DATA UNDER STUDY —
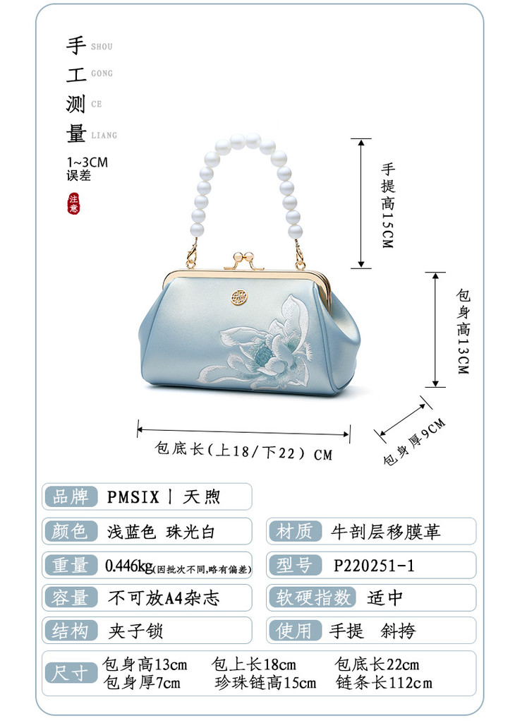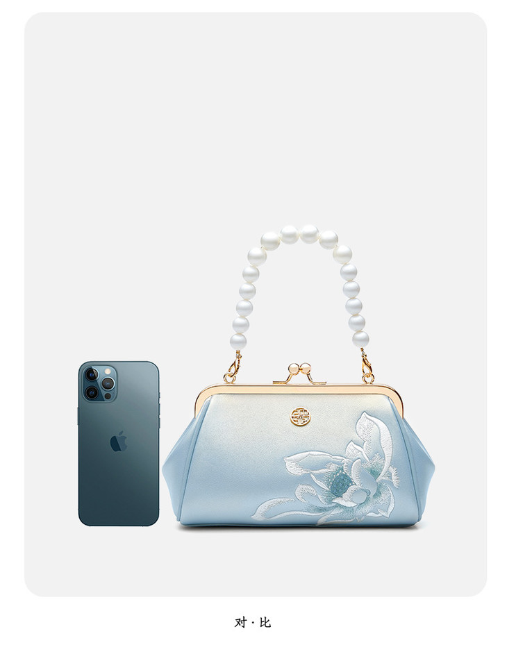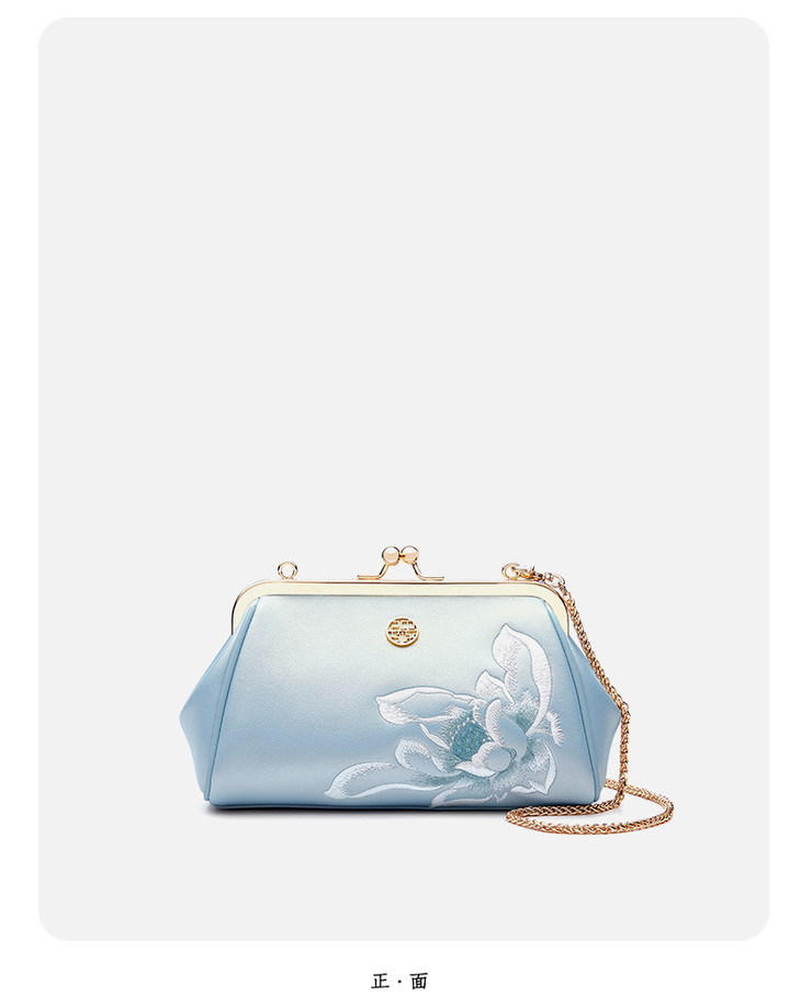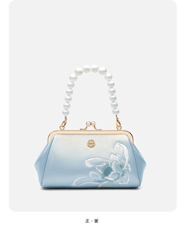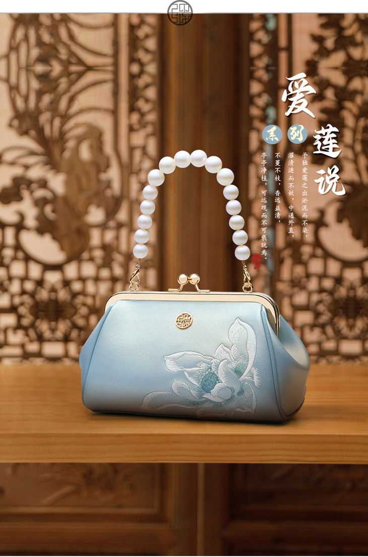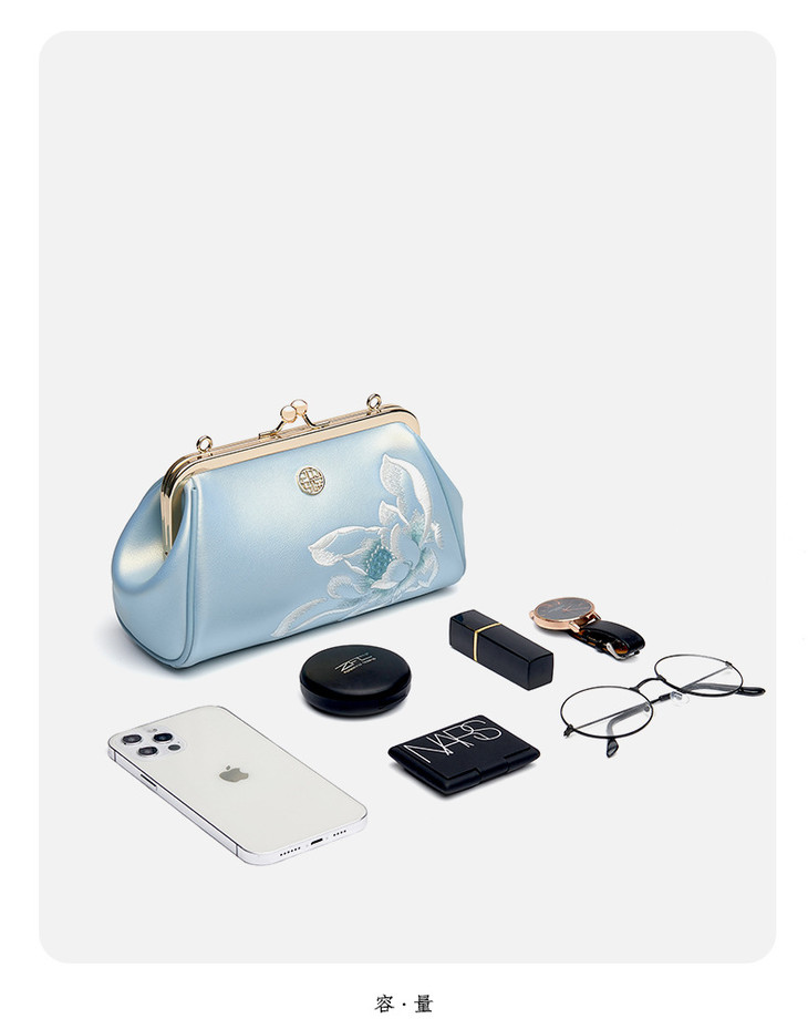 爱莲说新中式旗袍汉服手提单肩斜挎绣花牛皮小包P220251
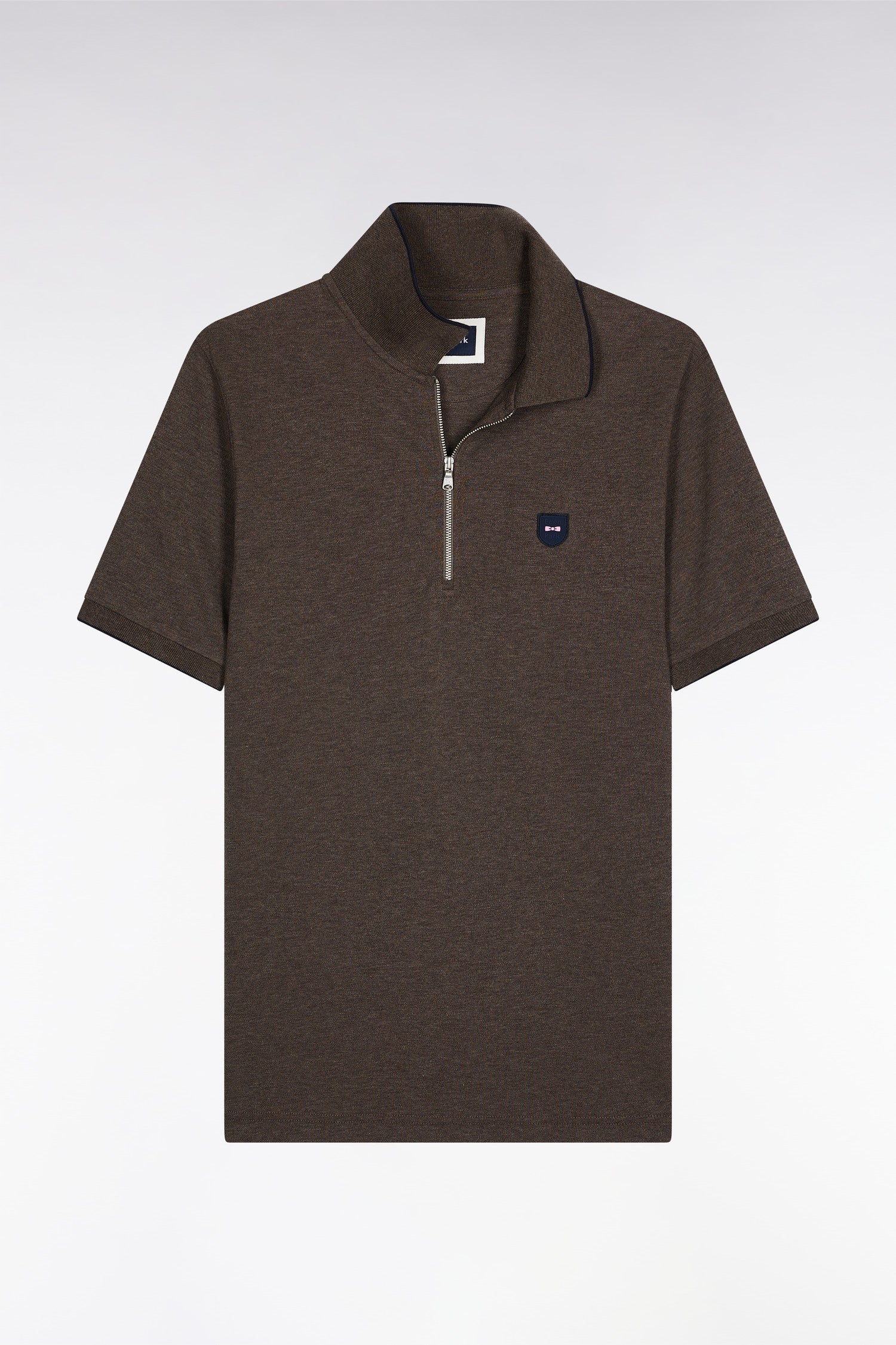 Short-sleeved polo shirt in brown stretch cotton piqué with zip and slim fit
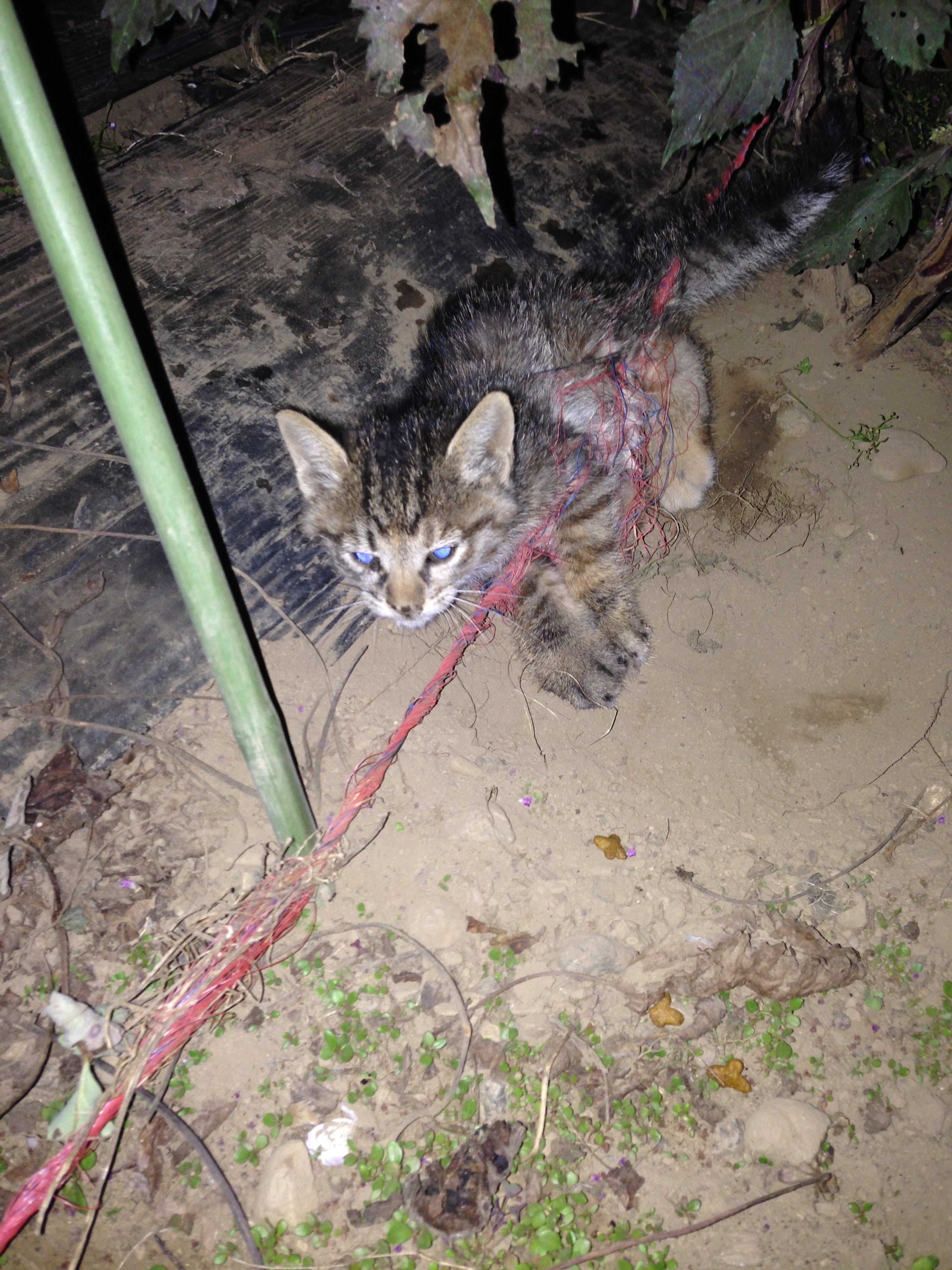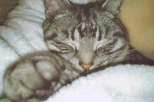 トトは、近所の空き地にて体中にネットが絡まっていたところを私が保護した猫で、我が家に来た当初は後ろ足が1本壊死し、ひどく怯え、衰弱していました。
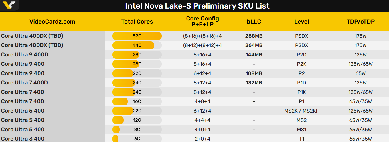 Intel下一代桌面处理器Nova Lake-S将会配备最多288MB bLLC大缓存,首次正面反击AMD X3D系列。根据最新情报,Intel的大缓存版本将会单独命名为酷睿Ultra 400DX、酷睿Ultra 400D系列,以示区别。
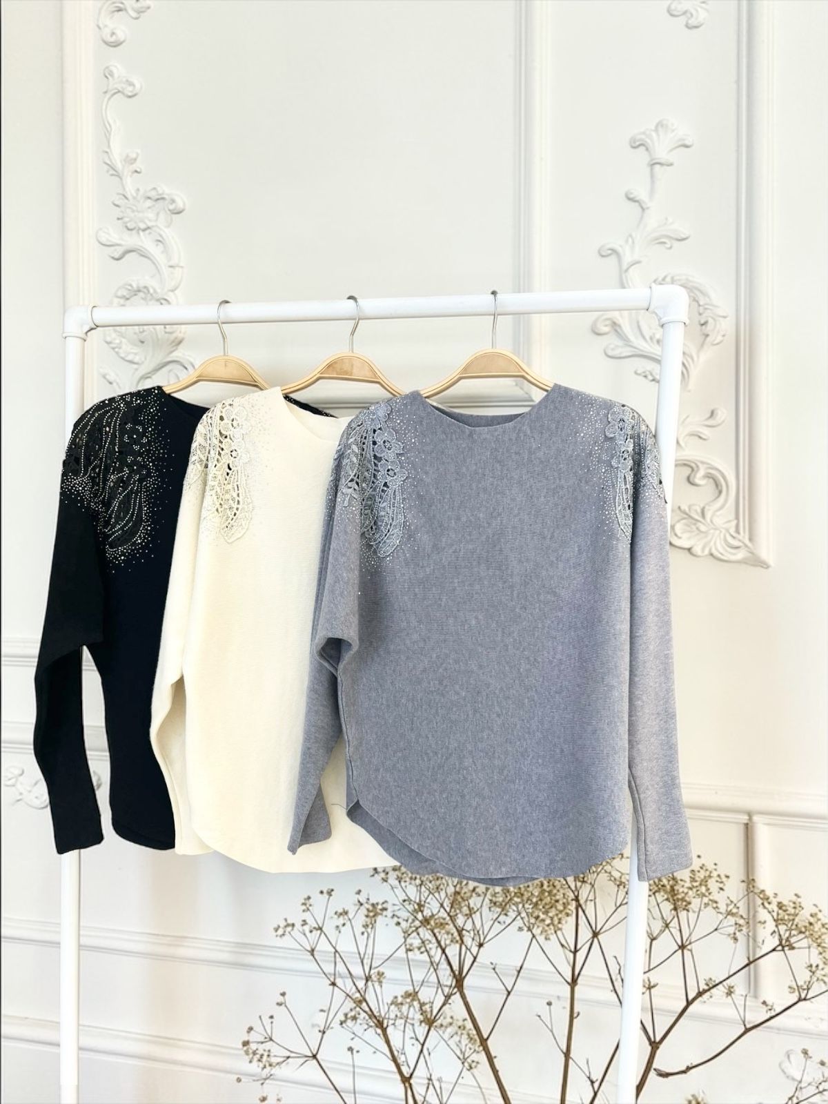 – Sweater con detalles de encaje y pedrería brillosa
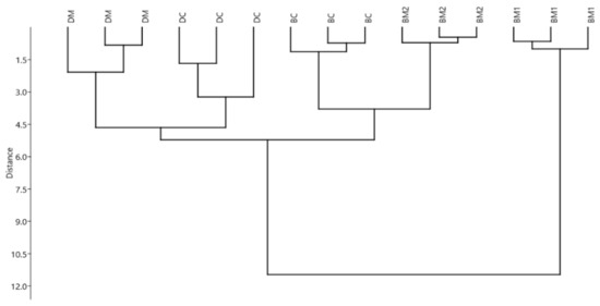 Multivariate cluster analysis (UPGMA algorithm – Manhattan distance) of different human milk fortifiers and protein concentrate (per g of added protein). Variables (n = 3): antioxidant capacities (measured as TEAC, DPPH, and CAA (Cellular antioxidant activity)), haemolysis, protein carbonyl and malondialdehyde contents. BM1: bovine milk preterm fortifier type 1; BM2: bovine milk preterm fortifier type 2; DM: donkey milk preterm fortifier; DC: donkey milk preterm concentrate; BC: bovine milk concentrate.

GOAL OF THE EXERCISE — Without the pictures, write out the whole listing exactly as it appears.

RESULT —
 爱莲说新中式旗袍汉服手提单肩斜挎绣花牛皮小包P220251
 Short-sleeved polo shirt in brown stretch cotton piqué with zip and slim fit
 トトは、近所の空き地にて体中にネットが絡まっていたところを私が保護した猫で、我が家に来た当初は後ろ足が1本壊死し、ひどく怯え、衰弱していました。
 Intel下一代桌面处理器Nova Lake-S将会配备最多288MB bLLC大缓存,首次正面反击AMD X3D系列。根据最新情报,Intel的大缓存版本将会单独命名为酷睿Ultra 400DX、酷睿Ultra 400D系列,以示区别。
 – Sweater con detalles de encaje y pedrería brillosa
 Multivariate cluster analysis (UPGMA algorithm – Manhattan distance) of different human milk fortifiers and protein concentrate (per g of added protein). Variables (n = 3): antioxidant capacities (measured as TEAC, DPPH, and CAA (Cellular antioxidant activity)), haemolysis, protein carbonyl and malondialdehyde contents. BM1: bovine milk preterm fortifier type 1; BM2: bovine milk preterm fortifier type 2; DM: donkey milk preterm fortifier; DC: donkey milk preterm concentrate; BC: bovine milk concentrate.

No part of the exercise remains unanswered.